# Input data
★ ★ ★ ★ ★ ★ ★

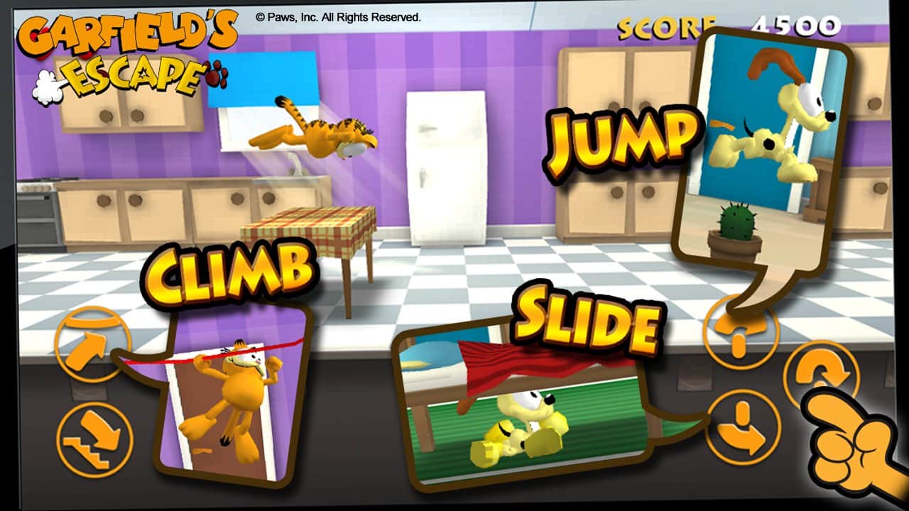 Garfield's Escape Premium - игра на аndroid, в которой вам необходимо помочь Гарфилду и Оди убежать от робота. Их хозяин решил что им надо помыться и купил робота, который сделает это за него. Но Гарфилд так не думает и начинает убегать. На его пути встречаются море препятствий, которые необходимо преодолеть, помогите ему в этом.
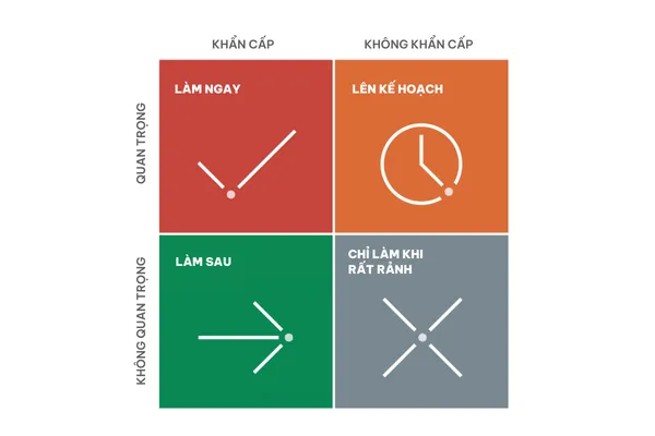 Ma trận Eisenhower giúp bạn phân loại công việc dựa trên 2 tiêu chí: khẩn cấp và quan trọng. Ma trận này có 4 phần:
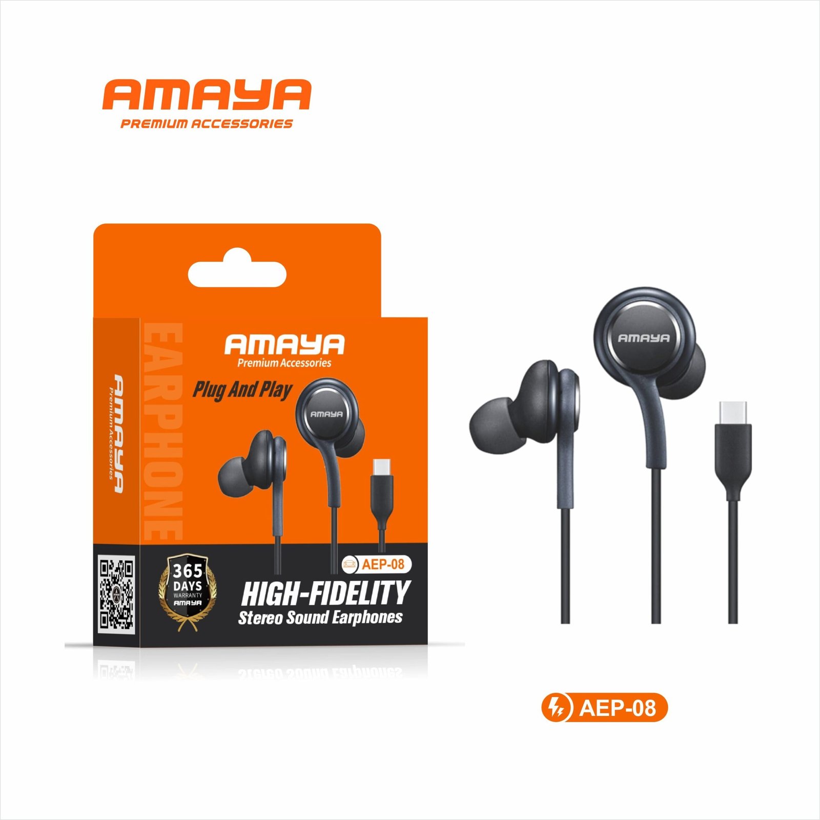 Experience high-quality audio with the Amaya AEP-08 Type-C Wired In-Ear Earphones. Designed for USB Type-C devices, these earphones deliver clear sound and a comfortable fit, making them ideal for daily use, whether you’re listening to music, taking calls, or watching videos.
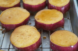 私の頭の中にある大学いもは、こんな輪切りではなかったので、驚きでした。
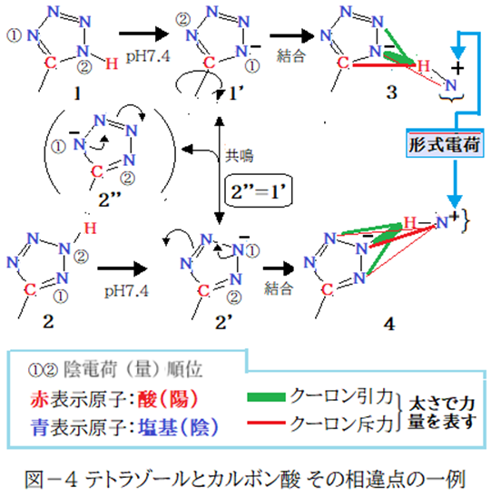 酸性原子団としてテトラゾールが使われることがあるが、カルボン酸との違いは異性体の存在である。私の解釈ではテトラゾール単独では陰電荷量1位と2位が離れ且つ陰が陽を挟んだ構造(1)がH体・陰イオン体共に安定と解釈。2,2’は陰電荷量1位と2位が隣に存在し陰・陰の反発力*が大きく不安定。環が陰イオンになっても1位・2位が逆転するだけで双方の位置関係は変わらない。前項(Ⅱ)で紹介した、私が思う三原子以上から成る原子団の安定化要因:「陰と陽は交互に在るのが安定」に反しているのが2,2’だ。しかしこの不都合状態は共鳴で解消(1=2‘’)できる。
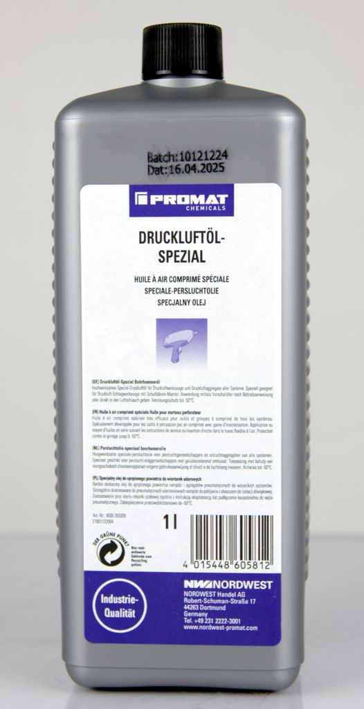 Promat Druckluftöl Spezial 1 Liter Spezialöl für Druckluftwerkzeuge Wartungsöl
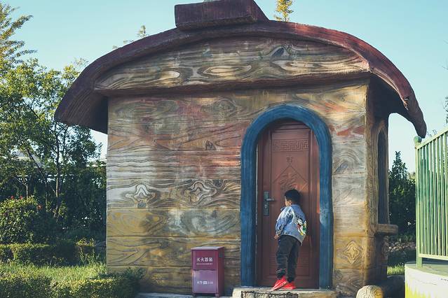游乐园里还有很多网红元素,无论是孩子们还是漂亮的小姐姐,摆造型拍照也是相当好看的,就像这个房子,多多少少有点像霍比特人的小屋,孩子对其充满了兴趣。
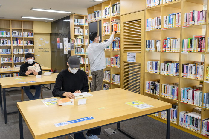 서울 양천구가 수도권방역조치사항의 조정에 따라 구립도서관 8곳의 운영을 재개한다고 21일 밝혔다. 사진은 양천구 도서관을 찾은 시민들.
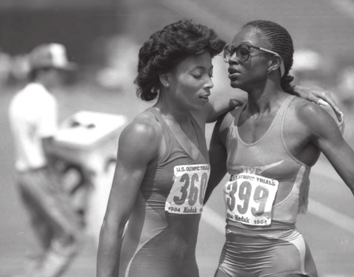 Florence Griffith Joyner (left) with Valerie Brisco-Hooks at the 1984 Olympic Trials.
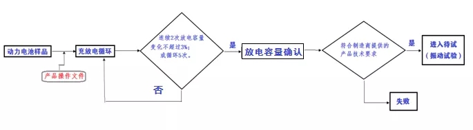 在振動(dòng)試驗(yàn)前,電池包或系統(tǒng)樣品需要先進(jìn)行預(yù)處理循環(huán),以確保在振動(dòng)試驗(yàn)時(shí)樣品的性能處于激活或穩(wěn)定的狀態(tài),在此提出,預(yù)處理失敗(如電池容量達(dá)不到要求)的樣品是不能做振動(dòng)試驗(yàn)的,作為不合格樣品返還電池制造商。
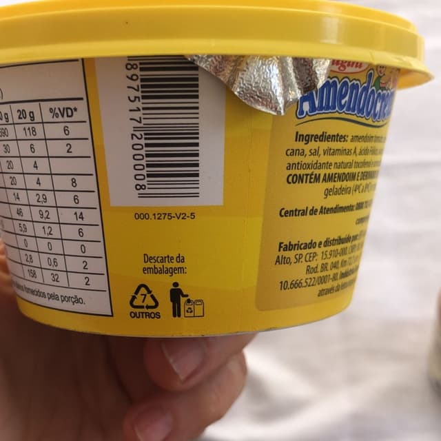 Amendocrem é um creme de amendoim para utilizar em receitas veganas doces ou para passar no pão. Tem açúcar adicionando.
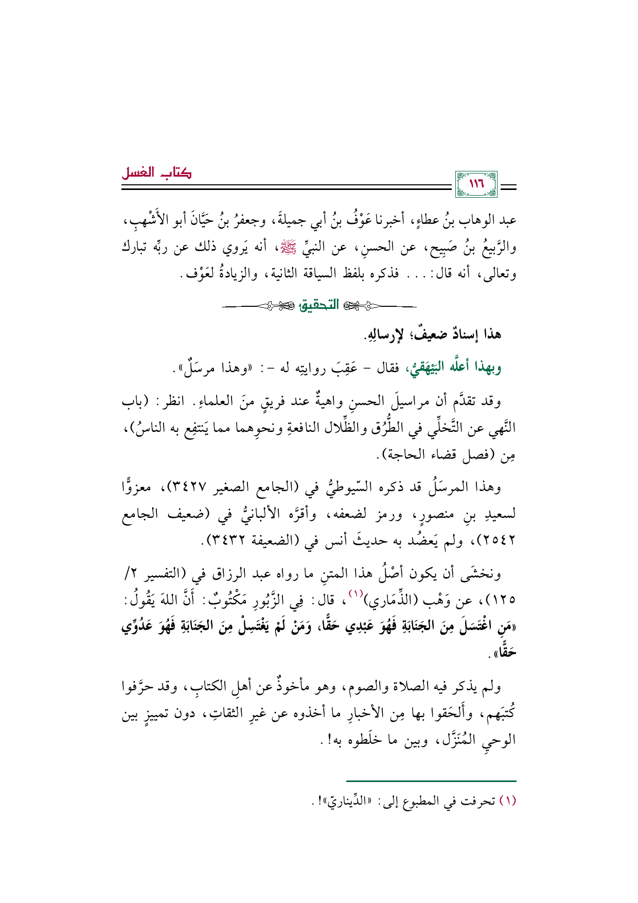 ونخشَى أن يكون أصْلُ هذا المتنِ ما رواه عبد الرزاق في (التفسير ٢/ ١٢٥)، عن وَهْب (الذِّمَاري) (¬١)، قال: فِي الزَّبُورِ مَكْتُوبٌ: أَنَّ اللهَ يَقُولُ: ((مَنِ اغْتَسَلَ مِنَ الجَنَابَةِ فَهُوَ عَبْدِي حَقًّا، وَمَنْ لَمْ يَغْتَسِلْ مِنَ الجَنَابَةِ فَهُوَ عَدُوِّي حَقًّا)).
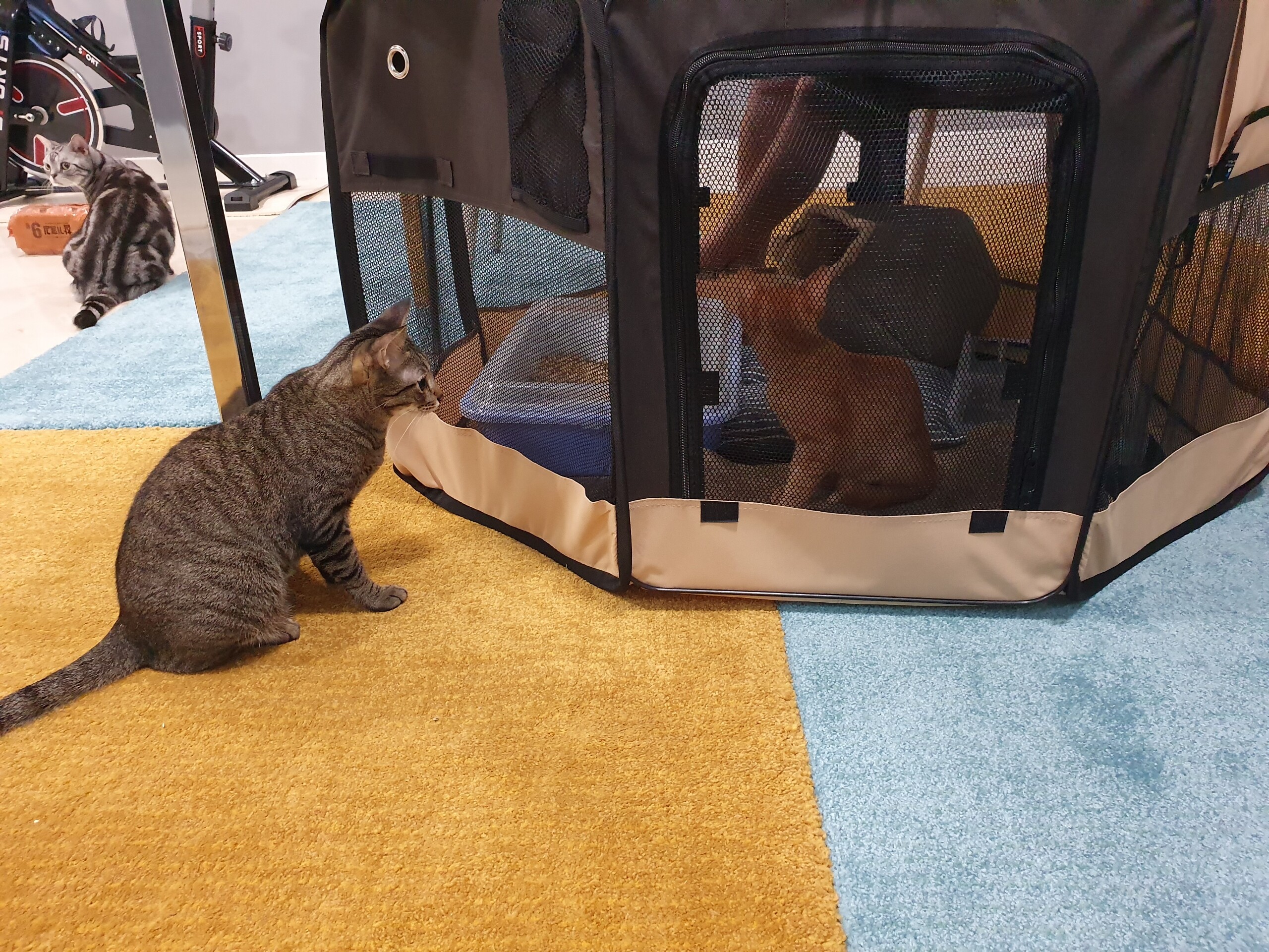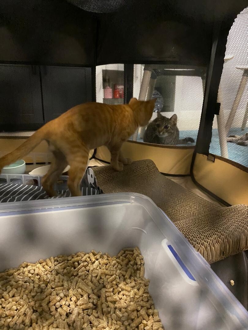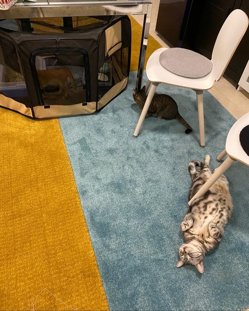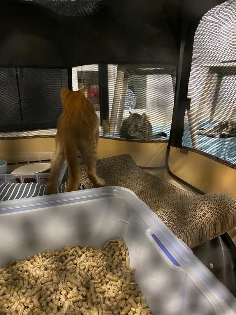周りに猫がいて楽しく遊んでるのが見えたら気になって余計外に出たがるんじゃないか、余計ストレスになるんじゃないか、と…。

★ ★ ★ ★ ★ ★ ★

# Problem statement
Within the listing above, copy exactly the lines that start at the one with "私の頭の中にある大学いもは、こんな輪切りではなかったので、驚きでした。" and continue through the one with "서울 양천구가 수도권방역조치사항의". Omit pictures.

# Answer section
 私の頭の中にある大学いもは、こんな輪切りではなかったので、驚きでした。
 酸性原子団としてテトラゾールが使われることがあるが、カルボン酸との違いは異性体の存在である。私の解釈ではテトラゾール単独では陰電荷量1位と2位が離れ且つ陰が陽を挟んだ構造(1)がH体・陰イオン体共に安定と解釈。2,2’は陰電荷量1位と2位が隣に存在し陰・陰の反発力*が大きく不安定。環が陰イオンになっても1位・2位が逆転するだけで双方の位置関係は変わらない。前項(Ⅱ)で紹介した、私が思う三原子以上から成る原子団の安定化要因:「陰と陽は交互に在るのが安定」に反しているのが2,2’だ。しかしこの不都合状態は共鳴で解消(1=2‘’)できる。
 Promat Druckluftöl Spezial 1 Liter Spezialöl für Druckluftwerkzeuge Wartungsöl
游乐园里还有很多网红元素,无论是孩子们还是漂亮的小姐姐,摆造型拍照也是相当好看的,就像这个房子,多多少少有点像霍比特人的小屋,孩子对其充满了兴趣。
 서울 양천구가 수도권방역조치사항의 조정에 따라 구립도서관 8곳의 운영을 재개한다고 21일 밝혔다. 사진은 양천구 도서관을 찾은 시민들.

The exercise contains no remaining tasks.